11.	The authors recruited their sample by sending a mass email to a cohort of employees at a particular company in the UK, inviting them to volunteer to take part in a study on mindfulness and well-being. This email also encouraged all recipients to identify and suggest other people they knew who would be interested in participating. What type of sampling method best describes this procedure? Save your answer to `mc.11` **(1 point)**

    a.	Snowball

    b.	Simple random

    c.	Systematic

    d.	Convenience

In [0]:
mc.11 <- "a"

In [0]:
if (test_that("testMC11.1", {
    expect_true(mc.11 %in% c("a", "b", "c", "d"))
})) {
    print("Your answer is formatted properly!")
} else {
    stop("mc.11 should be one of a, b, c, d")
}


12.	What is the sampling frame in this study? Save your answer to `mc.12` **(1 point)**

    a.	All adults in the UK
    
    b.	All employees of the company
    
    c.	The cohort of employees at the company
    
    d.	The cohort of employees and their social contacts

In [0]:
mc.12 <- "d"

In [0]:
if (test_that("testMC12.1", {
    expect_true(mc.12 %in% c("a", "b", "c", "d"))
})) {
    print("Your answer is formatted properly!")
} else {
    stop("mc.12 should be one of a, b, c, d")
}


13.	Do you think the authors’ sample is likely to be biased? Why or why not? **(3 points)**

> Since this study uses non-probability sampling, meaning that not all adults from the general population have an equal probability of being selected, this sample is likely to be biased. The cohort of employees at the UK compmany is not representative of all adults from the general population. Also, since people are invited to participate and can choose not to, this could result in self-selection bias. For example, people might be more willing to participate if they already enjoy using headpspace or are into mindfulness practices leading to biased results which cannot be generalized.

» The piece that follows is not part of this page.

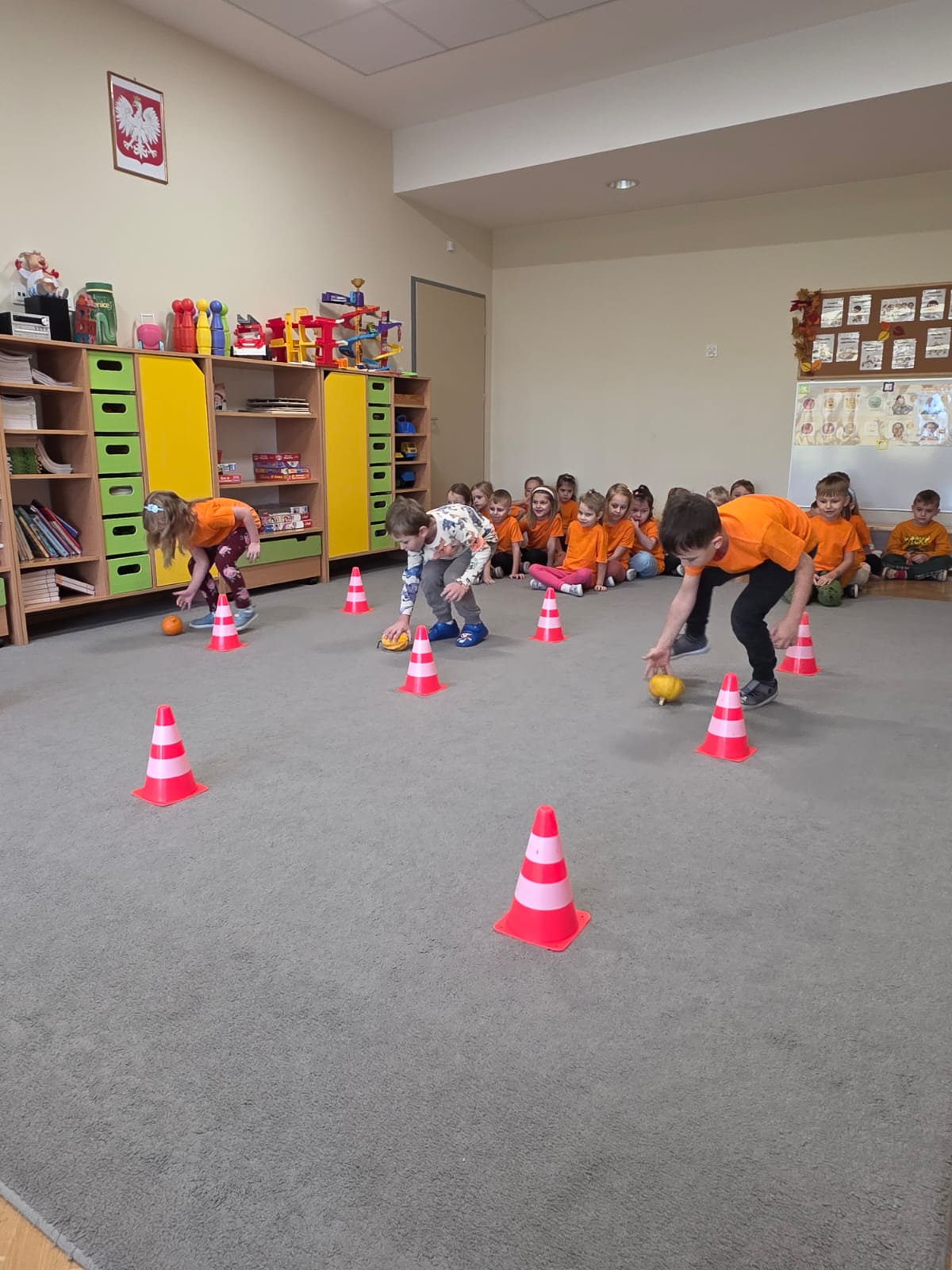 Dzieci poznały różne odmiany dyni, dowiedziały się, do czego można je wykorzystać oraz jakie mają właściwości zdrowotne. Wspólnie bawiliśmy się w dyniowe zabawy ruchowe,  wykonywaliśmy prace plastyczne tworząc małe wesołe dynie.

14.	A biased sample mostly presents a threat to which of the following. Save your answer to `mc.14` **(1 point)**

    a.	Internal validity
    
    b.	External validity
    
    c.	Measurement validity
    
    d.	Measurement reliability

In [0]:
mc.14 <- "b"

In [0]:
if (test_that("testMC14.1", {
    expect_true(mc.14 %in% c("a", "b", "c", "d"))
})) {
    print("Your answer is formatted properly!")
} else {
    stop("mc.14 should be one of a, b, c, d")
}


15.	When screening participants for the study, the researchers excluded anyone who had a history of, presence, or ongoing treatment for a psychological disorder, and anyone above a pre-determined threshold on a general health questionnaire. Their reasoning was that they wanted to exclude participants who are likely to be experiencing high levels of distress. Doing this helps to mitigate ___ in their measurement of well-being. Save your answer to `mc.15` **(1 point)**

    a.	Range effects

    b.	Experimenter bias

    c.	Demand characteristics

    d.	Socially desirable responding

In [0]:
mc.15 <- "a"

In [0]:
if (test_that("testMC15.1", {
    expect_true(mc.15 %in% c("a", "b", "c", "d"))
})) {
    print("Your answer is formatted properly!")
} else {
    stop("mc.15 should be one of a, b, c, d")
}


16.	Beyond the exclusion criteria above, participants met inclusion criteria if they were over 18 and had access to a smartphone. Given the information about how the sample was recruited and how volunteers were excluded, what is the best description of the population the researchers are interested in studying? Save your answer to `mc.16` **(1 point)**

    a.	All adults in the UK

    b.	All adults with smartphone access

    c.	All adults without clinically-diagnosed mental distress or major life stressors

    d.	All adults with smartphone access and without clinically-diagnosed mental distress or major life stressors

In [0]:
mc.16 <- "d"

In [0]:
if (test_that("testMC16.1", {
    expect_true(mc.16 %in% c("a", "b", "c", "d"))
})) {
    print("Your answer is formatted properly!")
} else {
    stop("mc.16 should be one of a, b, c, d")
}


17.	The authors report that they ultimately recruited 74 participants who met all inclusion and exclusion criteria, but that only 62 of them successfully completed the intervention and measurements at all 3 time points. They note that the rate of dropout was higher for the MM group (23.7%) than the WL group (8.33%), but this was not a statistically significant difference. What kind of confound could this produce in their design? Save your answer to `mc.17` **(1 point)**

    a.	Order effects

    b.	Differential attrition

    c.	Assignment bias

    d.	Sampling bias

In [0]:
mc.17 <- "b"

In [0]:
if (test_that("testMC17.1", {
    expect_true(mc.17 %in% c("a", "b", "c", "d"))
})) {
    print("Your answer is formatted properly!")
} else {
    stop("mc.17 should be one of a, b, c, d")
}


18.	In your own words, explain what it would mean if the results of this study were confounded by the dropout rate. What consequence would this have on the conclusions that could be drawn from the data? **(3 points)**

> If the results of this study were confounded by the dropout rate it could affect the validity of the results. For example, it could result in a type 2 error. Since more participants dropped out from the MM group, the researcher might conclude that there was no significant effect of Headpsace mindfulness training when there actually is.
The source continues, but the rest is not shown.